I don’t suppose any of us became a Dangote from the enterprise. But we might have if we could have carted away all the oranges to a processing plant. We could have turned them into orange juice that is preserved and marketed—perhaps internationally. Rather, while the bulk of the oranges rotted away, Nigeria was most likely importing orange juice.

More than 50 years later, I just read a similar story about tomatoes. Bloomberg News recently reported that as much as 45 per cent of Nigeria’s tomato produce goes to waste. Thus, though Nigeria produces about as much tomato as it consumes, it imports about half of its consumption—mostly from China. The estimated annual cost is $360 million.

Mind bugling? Well, of course. Yet, it gets even more so.

In March 2016, Nigeria’s foremost industrialist Aliko Dangote launched a tomato-processing plant near Kano to put an end to the imports. But a price dispute with farmers, along with inadequate supplies, forced the plant to close toward the end of 2017.

It resumed production in March this year, only to find that many tomato farmers have switched to other crops. Now, the plant is operating at 20 per cent of its 1,200-ton-a-day processing capacity. And so the wasteful importation continues.

That might change if Dangote Farms, as the company is called, succeeds with Option B. It has acquired a large farmland for purposes of farming enough tomato to meet its processing capacity.

But Nigeria being what it is, who knows what might scuttle that goal? So far, petroleum and electric power productions have both defied all attempts to make supply reflect Nigeria’s abundance.

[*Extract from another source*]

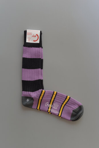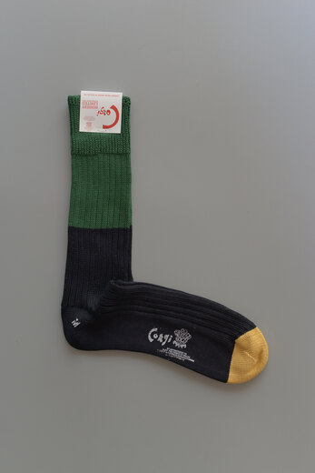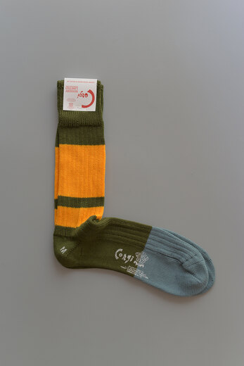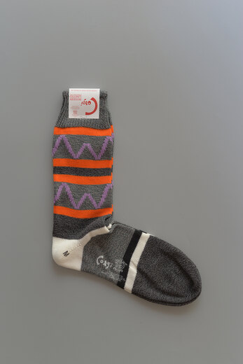アウトドア用という訳ではないが、ある程度使い古したものはキャンプにも使う。(片方だけ無くした靴下をたがい違いに履いたり)アウトドア用のソックスは機能性があってとても使いやすいが、好みの良い柄や色の物があまり無い。キャンプに着ていく物まで拘ってはいないが、気に入った物を使いたいと思っている。素材はマーセライズドコットン。少しシャリっとした触感で、耐久性もある。CLASSのデザイナーがCorgi社に別注して作ったソックスなのでインラインには無いカラーやパターンが魅力。

According to the Nigerian National Petroleum Corporation, its four refineries (two in Port Harcourt and one each in Warri and Kaduna) have a combined refining capacity of 445,000 barrels per day. But at any given time, they produce much less because of one problem or another. In fact, for periods of time, they produce none at all.

That’s about to happen. The NNPC announced early in April that it would be shutting down all the refineries for upgrading. Similar announcements have been made repeatedly over the years.

“The three refinery sites in Africa’s largest oil exporter have worked only sporadically due to years of underinvestment,” Reuters states in reporting the announced closures. “It has been working to revamp them, but has struggled to find external financing to do so.”

That is to say that Nigeria’s cash cow cannot finance itself.

Meanwhile, as with tomato processing, Dangote has stepped into the refining breach. His mega-refinery in Lekki (near Lagos) is projected to have a capacity of 650,000 bpd. That is about 46 per cent greater than the NNPC’s four refineries combined.

When it goes into production by the end of the year as projected, it could put an end to Nigeria’s importation of petroleum. But then, who knows?

The story of electricity supply even more closely mirrors America’s pig farm difficulties. In most countries, it takes a crisis to disrupt electricity supply—civil wars, earthquakes, hurricanes and the like. In most Nigerian cities, a daily or multiple-day blackout is the norm.

Sometimes, the shortage is attributed to generation shortfalls. Other times, it is the distribution sector — inadequate grids, for one. At other times, revenue generation is blamed — fraud by fees collectors or cheating by customers.

Meanwhile, as Nigerian cities remain in the dark, Nigeria supplies electricity to neighbouring countries. And with that supply, they maintain regular electricity service.

Befuddling? Again, yes, of course. And we can’t even blame coronavirus.